35. systems as claimed in claim 34, comprise sensing system further, its sensed myocardium pump compared when applying and non-application stage property is treated is movable, Myocardial Mechanical is movable, hemodynamics, organ perfusion, one of them of hemodynamics and organ perfusion is to judge which interim treatment optimally increases hemodynamics or perfusion.

36. 1 kinds of systems being used for the treatment of the patient with heart and chest, described system comprises:

Detect the device of the pulseless electrical activity situation of patient;

For movable by detecting myocardium pump with at least one sensor during described pulseless electrical activity situation, Myocardial Mechanical is movable, one of them individual device of monitoring the cardiomotility of patient of hemodynamics and organ perfusion;

For applying the device of interim treatment, it receives the signal from least one sensor, and based on described signal, will be applied to one or more interim treatments of patient and the patient's heart active synchronization of monitoring;

For changing the device of one or more interim treatments described;

For the sensed myocardium pump activity detected because one or more interim variations for the treatment of described cause in conjunction with the applying of described stage treatment during described pulseless electrical activity situation, Myocardial Mechanical is movable, the feedback device of the change at least one of hemodynamics and organ perfusion; And

For regulate in the variation of described stage treatment based on described feedback device and movable with sensed myocardium pump, Myocardial Mechanical is movable, hemodynamics, organ perfusion, hemodynamics and organ perfusion one of them desired level corresponding at least one variation device.

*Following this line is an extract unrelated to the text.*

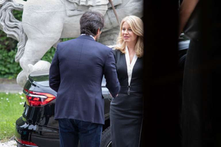 Sprava: Prezidentka SR Zuzana Čaputová a minister obrany SR Robert Kaliňák počas príchodu na mimoriadne rokovanie Bezpečnostnej rady SR a rokovanie vlády SR na Úrade vlády SR po streľbe na premiéra SR Roberta Fica v Handlovej. Bratislava, 16. máj 2024. Foto: SITA/Diana Černák

37. systems as claimed in claim 36, the sensed myocardium pump comprised further for comparing when applying and non-application stage property is treated is movable, Myocardial Mechanical is movable, hemodynamics, organ perfusion, one of them of hemodynamics and organ perfusion is individual, to judge which interim treatment optimally increases the device of hemodynamics or perfusion.

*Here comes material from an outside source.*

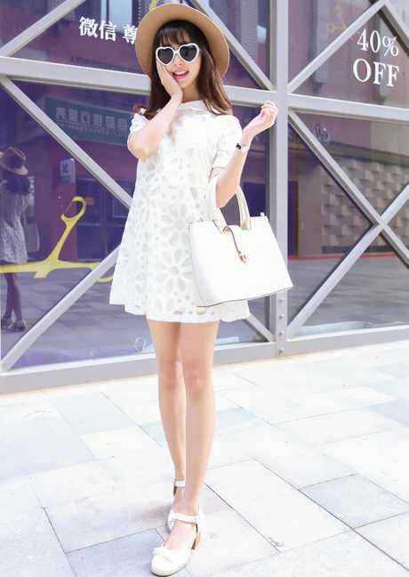 白色镂空连衣裙,百褶裙摆轻松遮肉显甜美,搭配白色蝴蝶结淑女鞋,时尚淑女气质尽展,随意拎着米白色包包,很阳光显时尚。

38. 1 kinds of systems for the treatment of patient, comprising:

Detect the device of the pulseless electrical activity situation of patient;

For sensing the device of the natural speed of the cardiac activity of the heart of patient during described pulseless electrical activity situation,

For repeatedly applying the device that the stage synchronous with the cardiac activity sensed is treated to patient, the stage wherein repeated treatment applies with the frequency higher than the frequency of natural speed;

For judging event in cardiac activity and the device with the period of makeing mistakes between the stage applied close to the time of cardiac activity treatment, and

For the device of the period that one of them postpones or propelling uses the period of makeing mistakes to judge of the application by described stage treatment.

39. systems as claimed in claim 38, the higher frequency of wherein said stage treatment is the harmonic wave of nature rate frequency.

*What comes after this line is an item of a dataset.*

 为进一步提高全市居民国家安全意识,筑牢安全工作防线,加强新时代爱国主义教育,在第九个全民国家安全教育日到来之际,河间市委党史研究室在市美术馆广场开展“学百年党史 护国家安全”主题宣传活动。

The system of 40. treatment patients as described in claim 38 or 39, wherein said cardiac activity is QRS signal.

The system of 41. treatment patients as described in claim 38 or 39, the device of termination phase treatment before being included in the susceptible period of the T ripple being in cardiac activity further.

The system of 42. treatment patients as described in claim 38 or 39, is included in the device of the safe period of time termination phase treatment before the T ripple of cardiac activity further.